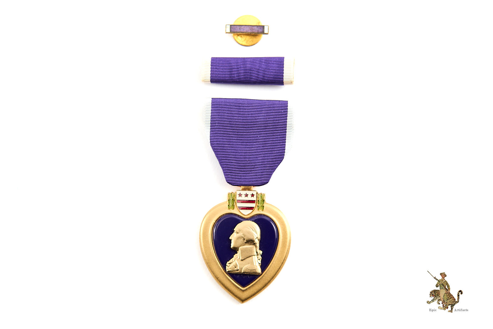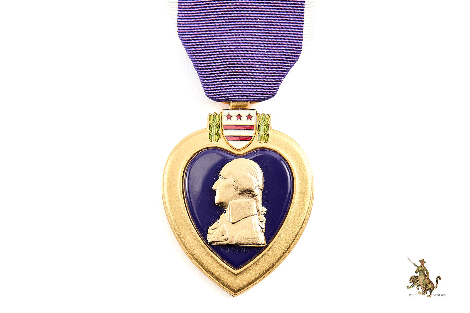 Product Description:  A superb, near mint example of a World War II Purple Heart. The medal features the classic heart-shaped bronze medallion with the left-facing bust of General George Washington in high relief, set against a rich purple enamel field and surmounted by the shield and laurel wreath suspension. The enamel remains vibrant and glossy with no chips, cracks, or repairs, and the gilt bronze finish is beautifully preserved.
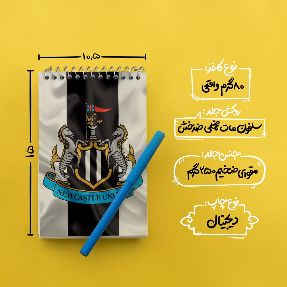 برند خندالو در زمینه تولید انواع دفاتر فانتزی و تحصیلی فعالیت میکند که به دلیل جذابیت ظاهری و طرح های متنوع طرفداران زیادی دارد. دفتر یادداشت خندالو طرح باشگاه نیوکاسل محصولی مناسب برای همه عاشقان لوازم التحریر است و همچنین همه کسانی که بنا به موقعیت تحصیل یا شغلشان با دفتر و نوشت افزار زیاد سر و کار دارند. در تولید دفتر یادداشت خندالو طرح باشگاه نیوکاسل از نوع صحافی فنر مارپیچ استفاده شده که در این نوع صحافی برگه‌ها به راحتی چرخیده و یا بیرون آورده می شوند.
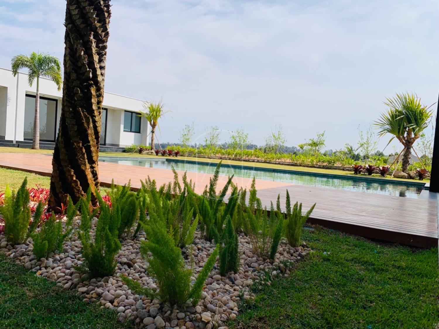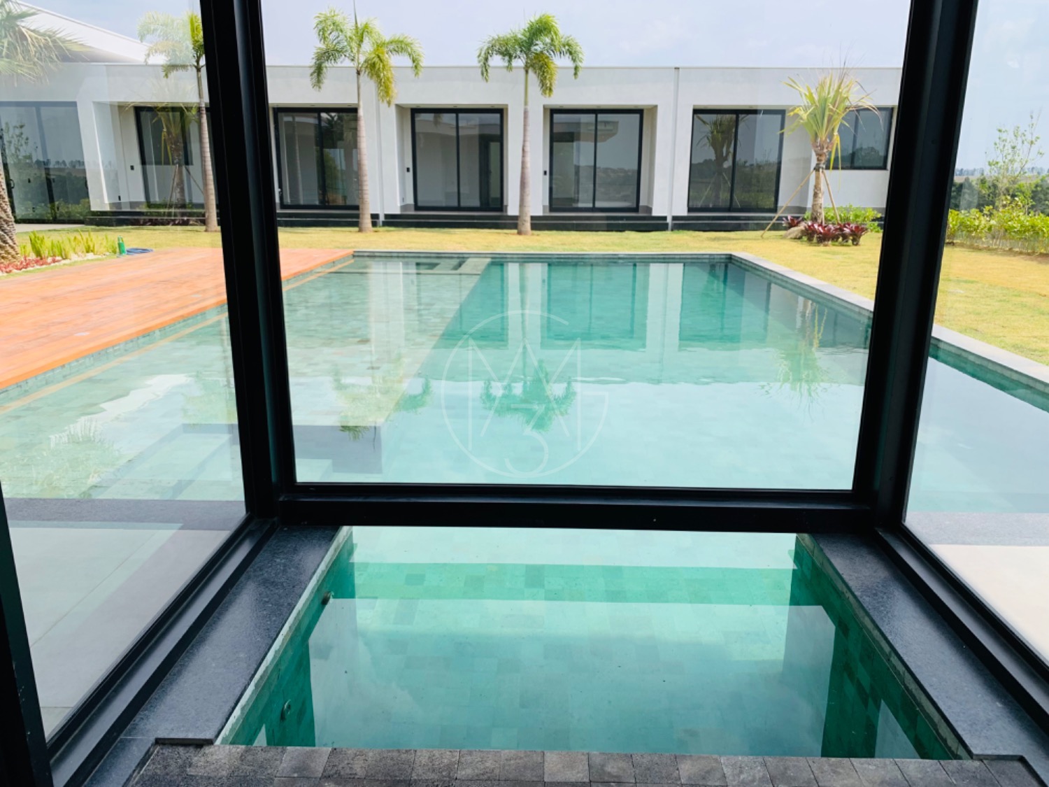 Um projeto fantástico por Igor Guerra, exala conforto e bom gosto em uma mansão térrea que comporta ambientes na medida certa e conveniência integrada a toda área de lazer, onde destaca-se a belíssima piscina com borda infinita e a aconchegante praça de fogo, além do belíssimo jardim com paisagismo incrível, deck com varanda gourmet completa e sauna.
☆ ☆ ☆ ☆
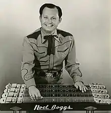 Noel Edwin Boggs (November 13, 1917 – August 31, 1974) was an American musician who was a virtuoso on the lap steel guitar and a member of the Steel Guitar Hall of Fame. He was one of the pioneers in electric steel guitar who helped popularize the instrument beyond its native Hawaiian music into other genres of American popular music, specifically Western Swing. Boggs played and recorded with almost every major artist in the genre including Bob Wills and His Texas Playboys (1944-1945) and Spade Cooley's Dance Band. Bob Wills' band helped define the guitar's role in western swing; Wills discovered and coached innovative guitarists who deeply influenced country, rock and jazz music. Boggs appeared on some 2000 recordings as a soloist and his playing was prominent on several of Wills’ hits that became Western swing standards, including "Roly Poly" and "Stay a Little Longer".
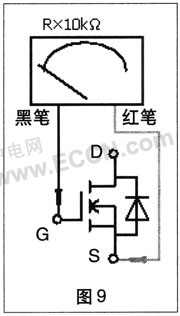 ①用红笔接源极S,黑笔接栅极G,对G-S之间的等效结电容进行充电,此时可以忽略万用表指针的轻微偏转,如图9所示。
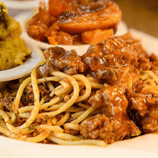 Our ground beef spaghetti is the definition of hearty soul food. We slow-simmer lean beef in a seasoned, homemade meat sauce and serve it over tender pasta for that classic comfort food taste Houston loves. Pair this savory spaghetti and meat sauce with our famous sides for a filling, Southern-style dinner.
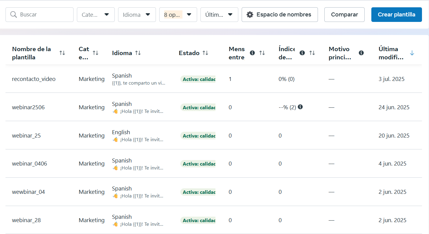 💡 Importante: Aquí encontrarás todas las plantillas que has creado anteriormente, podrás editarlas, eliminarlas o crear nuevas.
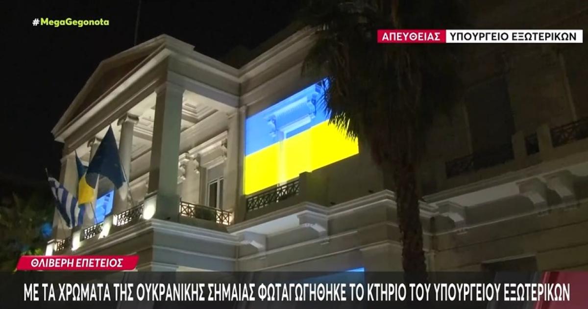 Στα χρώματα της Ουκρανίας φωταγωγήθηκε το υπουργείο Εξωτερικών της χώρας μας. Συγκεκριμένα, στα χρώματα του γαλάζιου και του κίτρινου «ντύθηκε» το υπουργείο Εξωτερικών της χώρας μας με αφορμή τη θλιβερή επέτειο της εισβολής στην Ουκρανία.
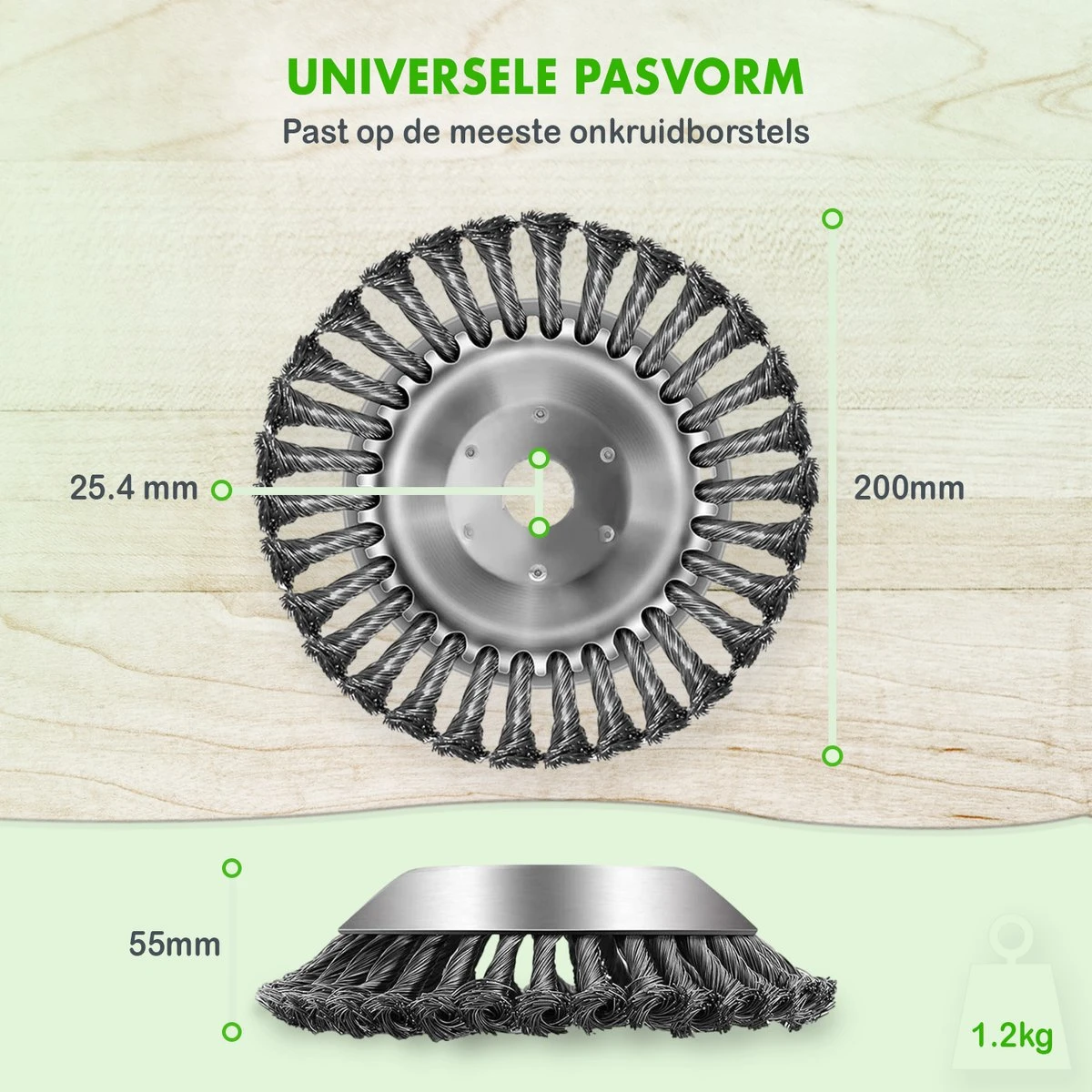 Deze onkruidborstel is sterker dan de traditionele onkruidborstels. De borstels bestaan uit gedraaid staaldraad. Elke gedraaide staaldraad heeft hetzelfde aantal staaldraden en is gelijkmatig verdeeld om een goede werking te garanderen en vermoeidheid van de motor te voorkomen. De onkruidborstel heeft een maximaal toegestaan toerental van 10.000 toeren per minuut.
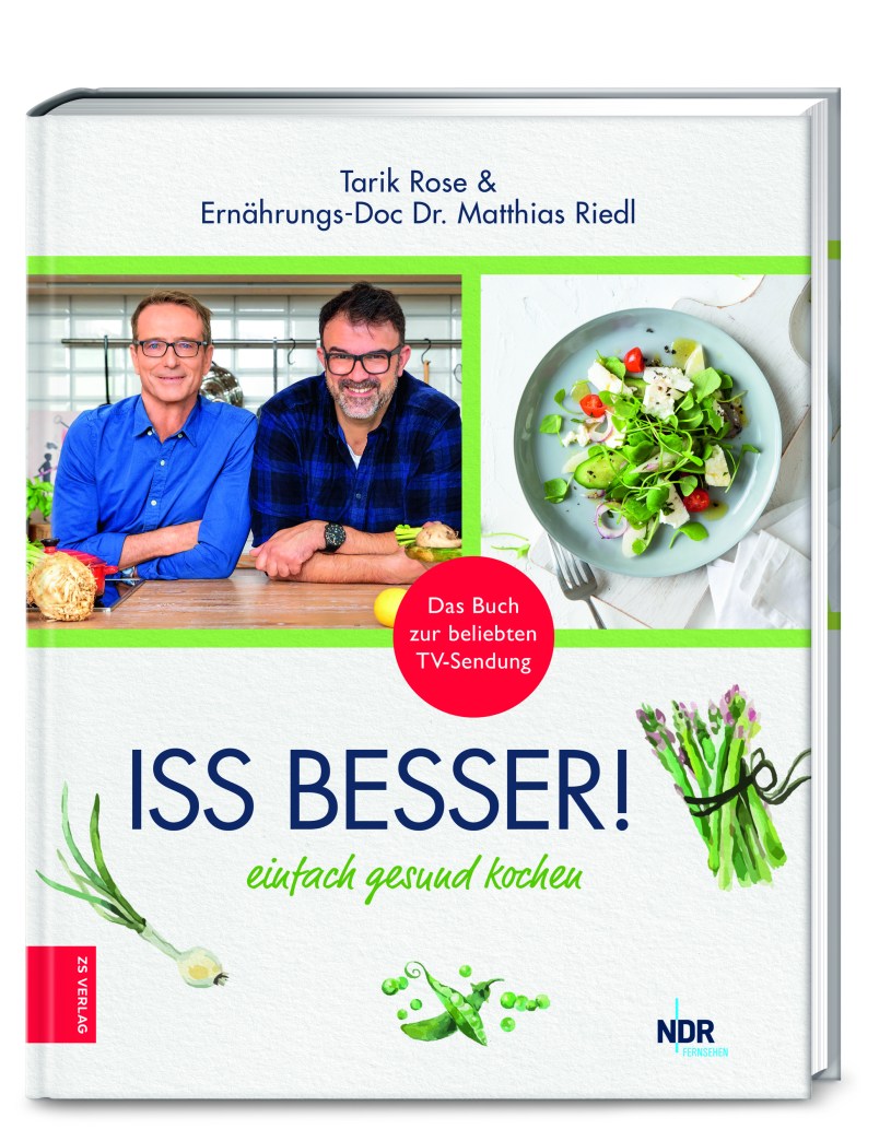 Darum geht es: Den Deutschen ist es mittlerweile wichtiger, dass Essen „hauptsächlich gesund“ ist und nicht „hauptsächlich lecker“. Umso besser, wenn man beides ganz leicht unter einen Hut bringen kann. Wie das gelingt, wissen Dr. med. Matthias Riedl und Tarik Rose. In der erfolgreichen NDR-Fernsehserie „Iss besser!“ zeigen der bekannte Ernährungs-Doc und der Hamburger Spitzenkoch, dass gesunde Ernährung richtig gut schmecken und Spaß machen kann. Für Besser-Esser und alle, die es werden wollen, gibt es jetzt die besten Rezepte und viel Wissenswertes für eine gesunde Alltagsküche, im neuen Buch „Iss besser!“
☆ ☆ ☆ ☆
## Directions
In the records above, copy exactly everything from the line that has "Στα χρώματα της" down to the line that has "Darum geht es: Den", both ends included, and leave out the pictures.

## Written response
 Στα χρώματα της Ουκρανίας φωταγωγήθηκε το υπουργείο Εξωτερικών της χώρας μας. Συγκεκριμένα, στα χρώματα του γαλάζιου και του κίτρινου «ντύθηκε» το υπουργείο Εξωτερικών της χώρας μας με αφορμή τη θλιβερή επέτειο της εισβολής στην Ουκρανία.
 Deze onkruidborstel is sterker dan de traditionele onkruidborstels. De borstels bestaan uit gedraaid staaldraad. Elke gedraaide staaldraad heeft hetzelfde aantal staaldraden en is gelijkmatig verdeeld om een goede werking te garanderen en vermoeidheid van de motor te voorkomen. De onkruidborstel heeft een maximaal toegestaan toerental van 10.000 toeren per minuut.
 Darum geht es: Den Deutschen ist es mittlerweile wichtiger, dass Essen „hauptsächlich gesund“ ist und nicht „hauptsächlich lecker“. Umso besser, wenn man beides ganz leicht unter einen Hut bringen kann. Wie das gelingt, wissen Dr. med. Matthias Riedl und Tarik Rose. In der erfolgreichen NDR-Fernsehserie „Iss besser!“ zeigen der bekannte Ernährungs-Doc und der Hamburger Spitzenkoch, dass gesunde Ernährung richtig gut schmecken und Spaß machen kann. Für Besser-Esser und alle, die es werden wollen, gibt es jetzt die besten Rezepte und viel Wissenswertes für eine gesunde Alltagsküche, im neuen Buch „Iss besser!“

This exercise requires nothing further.